● SUPPLIED RECORDS:
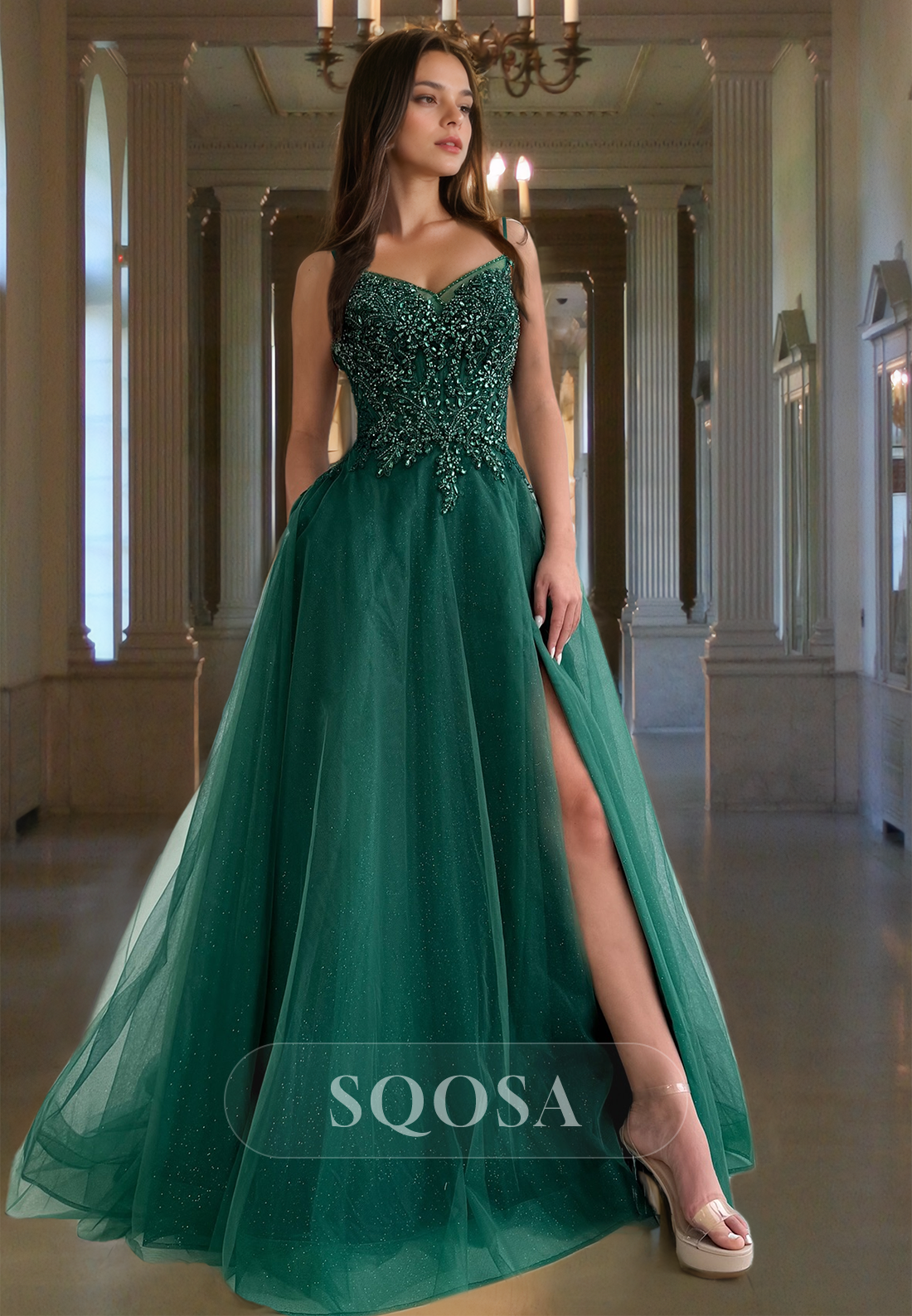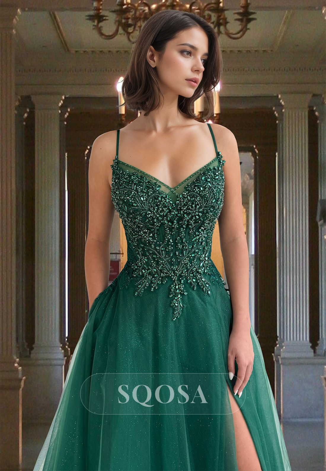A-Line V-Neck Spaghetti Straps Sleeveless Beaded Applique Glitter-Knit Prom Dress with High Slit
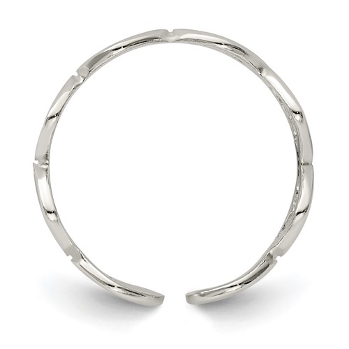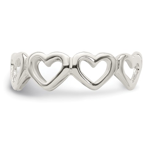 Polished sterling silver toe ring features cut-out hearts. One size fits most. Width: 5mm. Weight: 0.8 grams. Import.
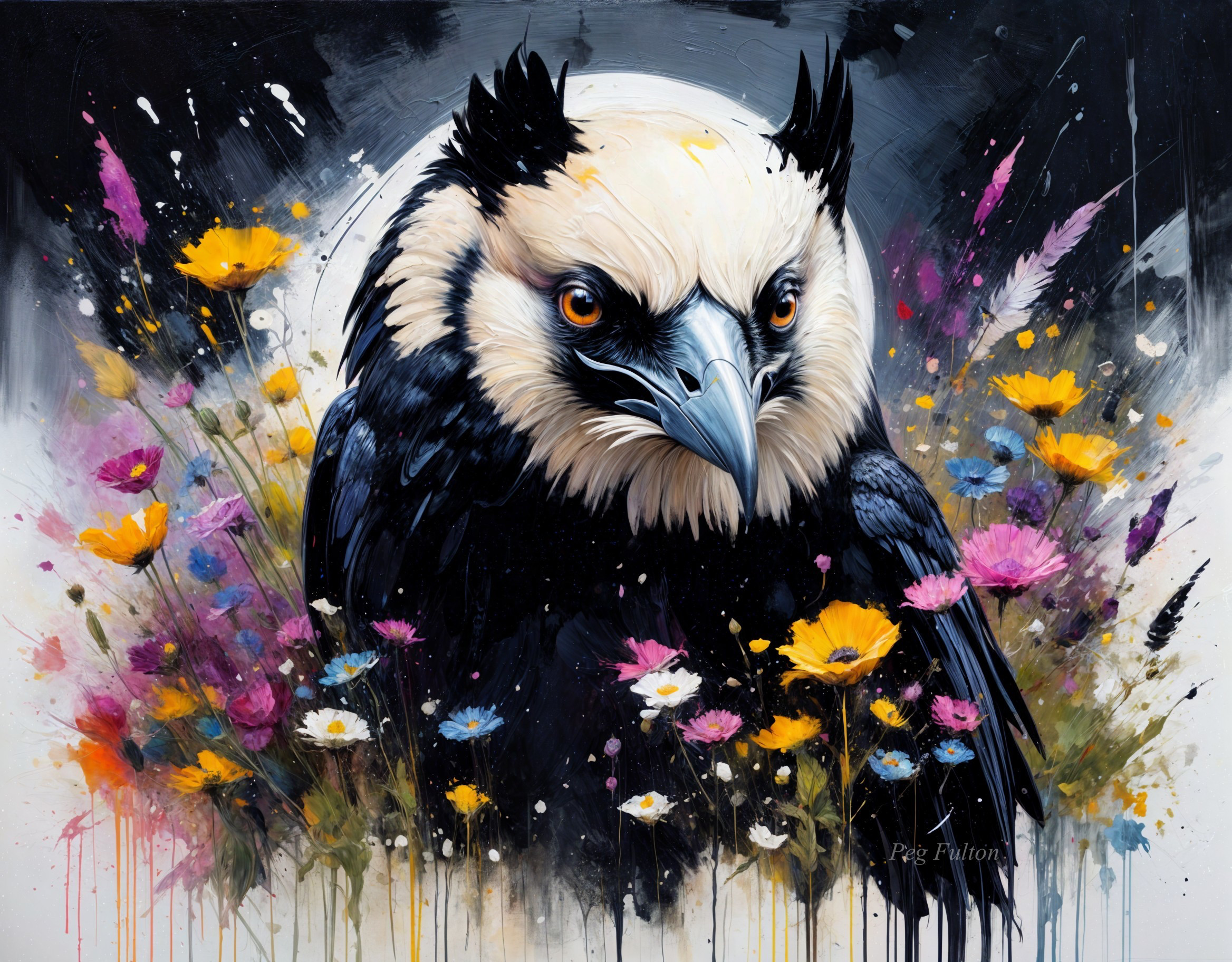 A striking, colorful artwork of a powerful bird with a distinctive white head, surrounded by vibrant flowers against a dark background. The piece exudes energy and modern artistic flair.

* * *

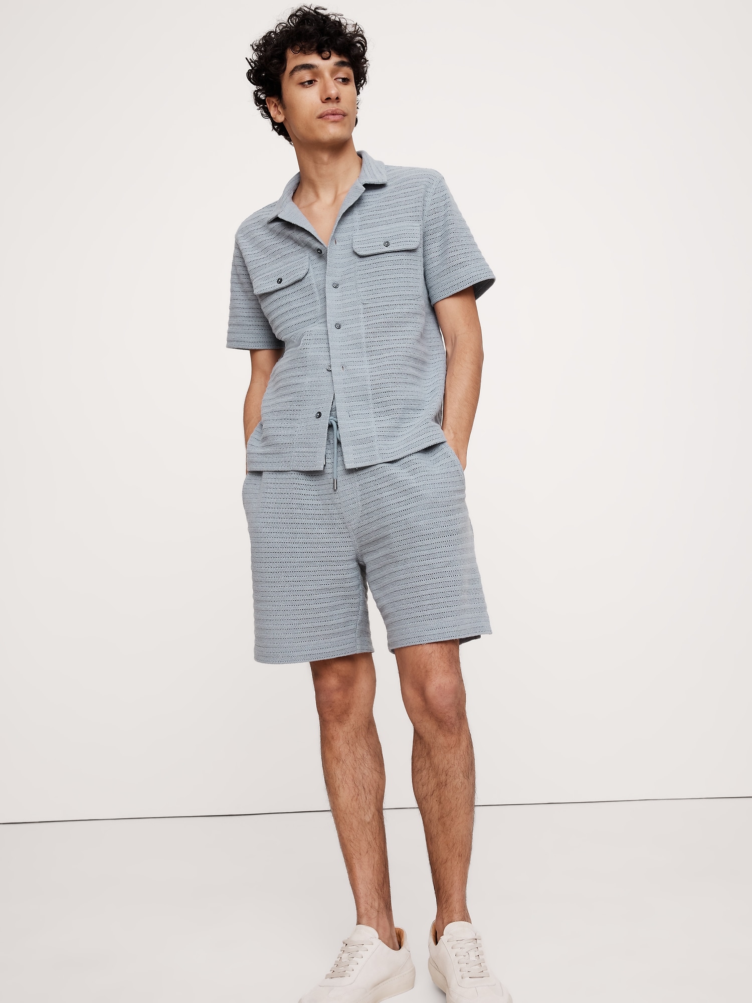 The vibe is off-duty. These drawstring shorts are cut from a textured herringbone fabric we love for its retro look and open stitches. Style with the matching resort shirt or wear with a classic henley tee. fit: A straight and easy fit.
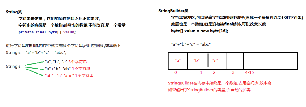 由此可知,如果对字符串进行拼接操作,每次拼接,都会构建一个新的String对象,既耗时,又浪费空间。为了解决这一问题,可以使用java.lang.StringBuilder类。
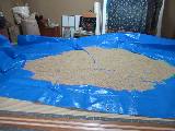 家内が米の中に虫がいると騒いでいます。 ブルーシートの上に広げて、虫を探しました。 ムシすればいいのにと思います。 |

...

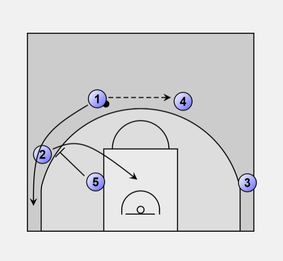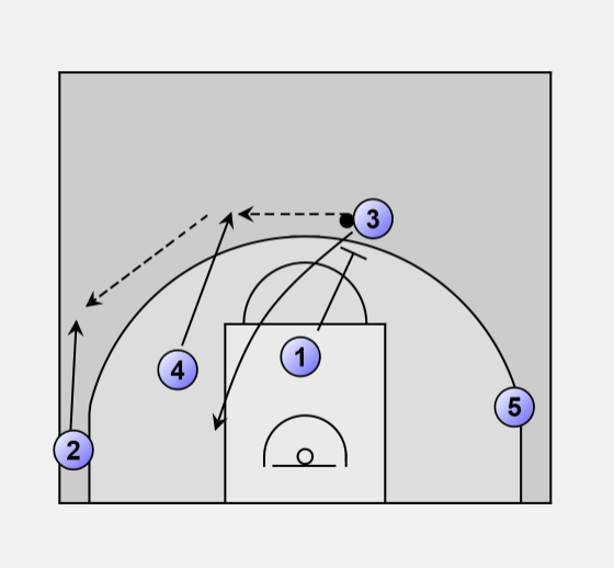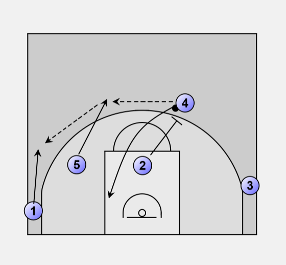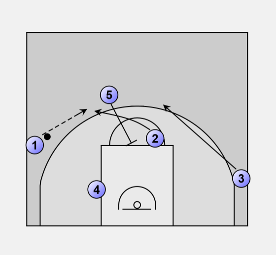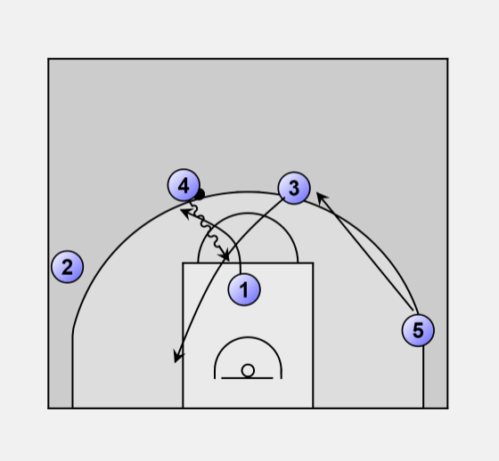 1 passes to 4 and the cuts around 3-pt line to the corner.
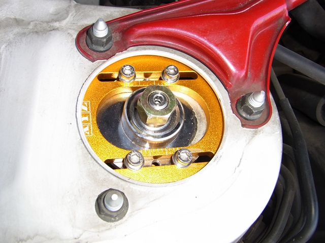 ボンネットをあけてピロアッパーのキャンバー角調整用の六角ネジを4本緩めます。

● EXERCISE DETAILS: Copy word for word the lines of the records above from the one with "1 passes to" up to and including the one with "ボンネットをあけてピロアッパーのキャンバー角調整用の六角ネジを4本緩めます。". Skip the pictures.

● ANSWER BOX:
 1 passes to 4 and the cuts around 3-pt line to the corner.
 ボンネットをあけてピロアッパーのキャンバー角調整用の六角ネジを4本緩めます。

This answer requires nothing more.